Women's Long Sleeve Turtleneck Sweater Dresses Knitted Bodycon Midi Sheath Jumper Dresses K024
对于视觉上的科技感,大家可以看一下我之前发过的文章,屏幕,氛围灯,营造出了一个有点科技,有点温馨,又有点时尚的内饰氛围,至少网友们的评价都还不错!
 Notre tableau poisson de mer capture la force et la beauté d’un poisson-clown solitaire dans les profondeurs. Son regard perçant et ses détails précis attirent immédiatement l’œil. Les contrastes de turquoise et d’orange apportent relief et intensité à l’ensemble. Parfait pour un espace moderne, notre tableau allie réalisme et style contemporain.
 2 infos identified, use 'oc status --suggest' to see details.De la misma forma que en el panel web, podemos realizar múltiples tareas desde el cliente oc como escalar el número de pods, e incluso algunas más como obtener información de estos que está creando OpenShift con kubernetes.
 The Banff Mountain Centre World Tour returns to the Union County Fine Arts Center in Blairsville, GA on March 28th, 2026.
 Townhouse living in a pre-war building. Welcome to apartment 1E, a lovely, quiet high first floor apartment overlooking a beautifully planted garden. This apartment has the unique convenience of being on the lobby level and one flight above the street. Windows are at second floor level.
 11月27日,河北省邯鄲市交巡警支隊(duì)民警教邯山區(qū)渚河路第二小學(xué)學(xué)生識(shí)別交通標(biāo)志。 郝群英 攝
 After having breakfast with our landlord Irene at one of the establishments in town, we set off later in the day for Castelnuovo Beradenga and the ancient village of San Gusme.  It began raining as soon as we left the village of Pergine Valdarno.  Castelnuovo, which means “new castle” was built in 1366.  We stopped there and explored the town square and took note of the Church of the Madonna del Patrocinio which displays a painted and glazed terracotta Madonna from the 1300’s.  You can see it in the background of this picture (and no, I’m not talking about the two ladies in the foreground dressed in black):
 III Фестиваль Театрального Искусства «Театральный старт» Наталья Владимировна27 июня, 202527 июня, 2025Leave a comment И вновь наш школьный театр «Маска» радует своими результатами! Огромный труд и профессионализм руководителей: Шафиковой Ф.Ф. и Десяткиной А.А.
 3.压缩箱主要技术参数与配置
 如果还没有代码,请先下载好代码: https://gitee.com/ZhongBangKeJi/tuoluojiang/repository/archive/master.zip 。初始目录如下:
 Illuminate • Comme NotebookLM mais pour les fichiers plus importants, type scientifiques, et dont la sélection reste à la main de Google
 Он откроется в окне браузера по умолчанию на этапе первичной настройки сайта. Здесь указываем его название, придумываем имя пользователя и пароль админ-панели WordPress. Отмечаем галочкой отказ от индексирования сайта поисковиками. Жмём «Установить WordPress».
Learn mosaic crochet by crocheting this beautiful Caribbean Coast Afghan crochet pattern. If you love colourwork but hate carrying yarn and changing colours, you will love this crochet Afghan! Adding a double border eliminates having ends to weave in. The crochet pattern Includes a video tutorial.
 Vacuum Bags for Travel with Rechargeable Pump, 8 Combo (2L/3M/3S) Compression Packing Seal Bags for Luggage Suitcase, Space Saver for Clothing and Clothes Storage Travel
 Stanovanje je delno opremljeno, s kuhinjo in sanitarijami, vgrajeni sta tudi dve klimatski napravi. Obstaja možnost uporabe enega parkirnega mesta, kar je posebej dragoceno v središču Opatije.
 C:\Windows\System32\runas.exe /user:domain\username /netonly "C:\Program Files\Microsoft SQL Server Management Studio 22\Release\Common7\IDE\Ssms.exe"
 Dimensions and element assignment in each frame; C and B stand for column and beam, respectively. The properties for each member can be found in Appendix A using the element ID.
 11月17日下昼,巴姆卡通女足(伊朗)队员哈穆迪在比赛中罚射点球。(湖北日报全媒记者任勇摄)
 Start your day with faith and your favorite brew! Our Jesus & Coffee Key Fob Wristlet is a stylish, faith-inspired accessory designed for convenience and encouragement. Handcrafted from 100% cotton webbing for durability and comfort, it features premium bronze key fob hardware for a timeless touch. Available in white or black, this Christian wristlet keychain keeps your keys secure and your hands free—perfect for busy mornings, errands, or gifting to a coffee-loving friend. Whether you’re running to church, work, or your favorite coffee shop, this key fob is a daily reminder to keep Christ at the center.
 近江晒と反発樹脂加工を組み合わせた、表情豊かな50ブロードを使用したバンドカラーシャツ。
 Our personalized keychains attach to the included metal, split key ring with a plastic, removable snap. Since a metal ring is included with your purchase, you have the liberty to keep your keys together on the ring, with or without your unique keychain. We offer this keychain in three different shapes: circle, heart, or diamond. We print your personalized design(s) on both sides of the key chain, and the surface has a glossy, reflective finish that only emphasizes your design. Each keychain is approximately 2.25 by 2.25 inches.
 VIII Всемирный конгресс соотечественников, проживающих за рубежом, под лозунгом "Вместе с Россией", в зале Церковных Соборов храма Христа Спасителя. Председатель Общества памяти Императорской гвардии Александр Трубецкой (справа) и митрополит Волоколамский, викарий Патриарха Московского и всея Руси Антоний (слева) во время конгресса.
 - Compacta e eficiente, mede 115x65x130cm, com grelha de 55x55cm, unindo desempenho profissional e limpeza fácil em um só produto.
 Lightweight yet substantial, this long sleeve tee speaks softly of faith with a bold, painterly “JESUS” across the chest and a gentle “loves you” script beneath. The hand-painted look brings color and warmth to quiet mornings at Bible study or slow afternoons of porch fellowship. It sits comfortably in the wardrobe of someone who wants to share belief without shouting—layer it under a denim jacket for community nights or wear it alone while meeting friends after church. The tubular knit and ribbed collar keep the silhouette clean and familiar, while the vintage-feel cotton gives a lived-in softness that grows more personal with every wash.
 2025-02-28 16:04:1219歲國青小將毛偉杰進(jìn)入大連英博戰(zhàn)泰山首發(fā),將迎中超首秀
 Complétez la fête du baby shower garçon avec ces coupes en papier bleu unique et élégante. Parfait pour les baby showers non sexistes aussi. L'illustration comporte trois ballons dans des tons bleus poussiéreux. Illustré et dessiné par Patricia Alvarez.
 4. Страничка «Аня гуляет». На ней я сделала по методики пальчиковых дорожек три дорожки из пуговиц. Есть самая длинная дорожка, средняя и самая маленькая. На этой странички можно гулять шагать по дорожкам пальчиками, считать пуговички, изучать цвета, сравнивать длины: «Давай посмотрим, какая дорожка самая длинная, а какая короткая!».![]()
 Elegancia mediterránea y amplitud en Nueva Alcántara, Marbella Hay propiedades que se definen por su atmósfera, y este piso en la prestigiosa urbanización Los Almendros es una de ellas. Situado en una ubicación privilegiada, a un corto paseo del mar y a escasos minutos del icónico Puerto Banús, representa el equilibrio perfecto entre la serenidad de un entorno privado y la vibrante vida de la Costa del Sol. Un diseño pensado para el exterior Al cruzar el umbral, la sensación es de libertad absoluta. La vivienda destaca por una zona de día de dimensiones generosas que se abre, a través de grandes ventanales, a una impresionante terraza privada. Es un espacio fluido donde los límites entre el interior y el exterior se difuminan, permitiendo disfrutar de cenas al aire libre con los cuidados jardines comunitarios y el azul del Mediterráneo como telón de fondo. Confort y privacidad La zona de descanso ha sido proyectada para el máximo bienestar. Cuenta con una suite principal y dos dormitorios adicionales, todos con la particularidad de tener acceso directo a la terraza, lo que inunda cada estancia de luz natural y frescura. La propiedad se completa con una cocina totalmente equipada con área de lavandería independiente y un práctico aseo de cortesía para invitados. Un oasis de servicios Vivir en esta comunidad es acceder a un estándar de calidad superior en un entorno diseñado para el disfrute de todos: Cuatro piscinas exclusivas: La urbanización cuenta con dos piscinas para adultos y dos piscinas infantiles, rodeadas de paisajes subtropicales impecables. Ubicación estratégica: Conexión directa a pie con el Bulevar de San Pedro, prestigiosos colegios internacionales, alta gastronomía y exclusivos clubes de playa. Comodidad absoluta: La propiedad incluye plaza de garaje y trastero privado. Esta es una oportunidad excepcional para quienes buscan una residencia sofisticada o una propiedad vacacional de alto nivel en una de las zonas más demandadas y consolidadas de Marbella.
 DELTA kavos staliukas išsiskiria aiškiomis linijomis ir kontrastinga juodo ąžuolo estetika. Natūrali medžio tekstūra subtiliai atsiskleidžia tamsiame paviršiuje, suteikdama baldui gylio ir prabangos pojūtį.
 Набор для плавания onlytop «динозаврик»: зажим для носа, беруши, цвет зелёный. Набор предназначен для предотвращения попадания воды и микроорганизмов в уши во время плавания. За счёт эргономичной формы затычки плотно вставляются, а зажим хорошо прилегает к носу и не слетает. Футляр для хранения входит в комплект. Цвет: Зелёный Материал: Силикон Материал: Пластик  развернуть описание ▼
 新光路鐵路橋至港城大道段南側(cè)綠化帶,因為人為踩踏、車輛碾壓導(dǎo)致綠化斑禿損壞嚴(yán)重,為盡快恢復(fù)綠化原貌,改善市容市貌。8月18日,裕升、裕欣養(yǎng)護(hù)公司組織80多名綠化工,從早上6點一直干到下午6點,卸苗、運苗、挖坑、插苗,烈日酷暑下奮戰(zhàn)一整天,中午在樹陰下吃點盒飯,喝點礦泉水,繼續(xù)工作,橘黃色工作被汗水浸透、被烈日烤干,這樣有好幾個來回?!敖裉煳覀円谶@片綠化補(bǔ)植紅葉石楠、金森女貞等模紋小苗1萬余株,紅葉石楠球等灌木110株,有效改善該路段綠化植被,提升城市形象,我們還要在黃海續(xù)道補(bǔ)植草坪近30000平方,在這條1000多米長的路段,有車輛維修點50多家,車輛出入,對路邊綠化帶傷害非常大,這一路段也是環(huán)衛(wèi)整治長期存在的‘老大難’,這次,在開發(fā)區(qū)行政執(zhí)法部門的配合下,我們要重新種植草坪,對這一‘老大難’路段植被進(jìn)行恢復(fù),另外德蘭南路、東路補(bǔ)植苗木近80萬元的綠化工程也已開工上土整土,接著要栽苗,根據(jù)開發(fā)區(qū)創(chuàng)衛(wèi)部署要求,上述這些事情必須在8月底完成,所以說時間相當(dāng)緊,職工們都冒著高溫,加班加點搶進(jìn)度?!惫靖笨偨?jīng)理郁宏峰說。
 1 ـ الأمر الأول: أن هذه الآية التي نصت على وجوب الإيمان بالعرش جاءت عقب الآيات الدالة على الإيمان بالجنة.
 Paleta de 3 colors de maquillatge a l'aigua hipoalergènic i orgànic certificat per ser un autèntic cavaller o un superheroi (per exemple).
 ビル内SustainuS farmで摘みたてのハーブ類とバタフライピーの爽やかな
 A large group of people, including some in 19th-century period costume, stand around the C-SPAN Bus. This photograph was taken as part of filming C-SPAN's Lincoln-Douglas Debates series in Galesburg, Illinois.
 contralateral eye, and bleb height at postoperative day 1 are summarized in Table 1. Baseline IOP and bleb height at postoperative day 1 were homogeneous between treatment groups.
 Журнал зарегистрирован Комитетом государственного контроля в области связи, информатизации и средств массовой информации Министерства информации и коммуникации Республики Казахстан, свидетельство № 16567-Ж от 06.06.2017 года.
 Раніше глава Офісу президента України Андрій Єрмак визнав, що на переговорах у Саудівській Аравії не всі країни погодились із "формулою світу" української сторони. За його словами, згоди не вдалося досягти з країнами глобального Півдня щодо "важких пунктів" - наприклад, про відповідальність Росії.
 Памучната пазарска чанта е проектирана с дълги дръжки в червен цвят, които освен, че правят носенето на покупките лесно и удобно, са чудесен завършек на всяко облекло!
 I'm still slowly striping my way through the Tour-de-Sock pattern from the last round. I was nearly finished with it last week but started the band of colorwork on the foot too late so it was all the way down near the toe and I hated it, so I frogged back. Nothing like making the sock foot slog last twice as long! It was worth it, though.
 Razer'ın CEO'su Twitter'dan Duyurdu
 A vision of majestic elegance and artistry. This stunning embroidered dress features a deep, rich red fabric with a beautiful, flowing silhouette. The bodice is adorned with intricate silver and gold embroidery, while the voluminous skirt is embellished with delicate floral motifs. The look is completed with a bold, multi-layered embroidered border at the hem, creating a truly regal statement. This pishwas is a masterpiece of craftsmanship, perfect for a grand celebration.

[Exercise goal]:
Whenever the string "convenience" shows up in a line of the records, copy that line.

[Task answer]:
 Townhouse living in a pre-war building. Welcome to apartment 1E, a lovely, quiet high first floor apartment overlooking a beautifully planted garden. This apartment has the unique convenience of being on the lobby level and one flight above the street. Windows are at second floor level.
 Start your day with faith and your favorite brew! Our Jesus & Coffee Key Fob Wristlet is a stylish, faith-inspired accessory designed for convenience and encouragement. Handcrafted from 100% cotton webbing for durability and comfort, it features premium bronze key fob hardware for a timeless touch. Available in white or black, this Christian wristlet keychain keeps your keys secure and your hands free—perfect for busy mornings, errands, or gifting to a coffee-loving friend. Whether you’re running to church, work, or your favorite coffee shop, this key fob is a daily reminder to keep Christ at the center.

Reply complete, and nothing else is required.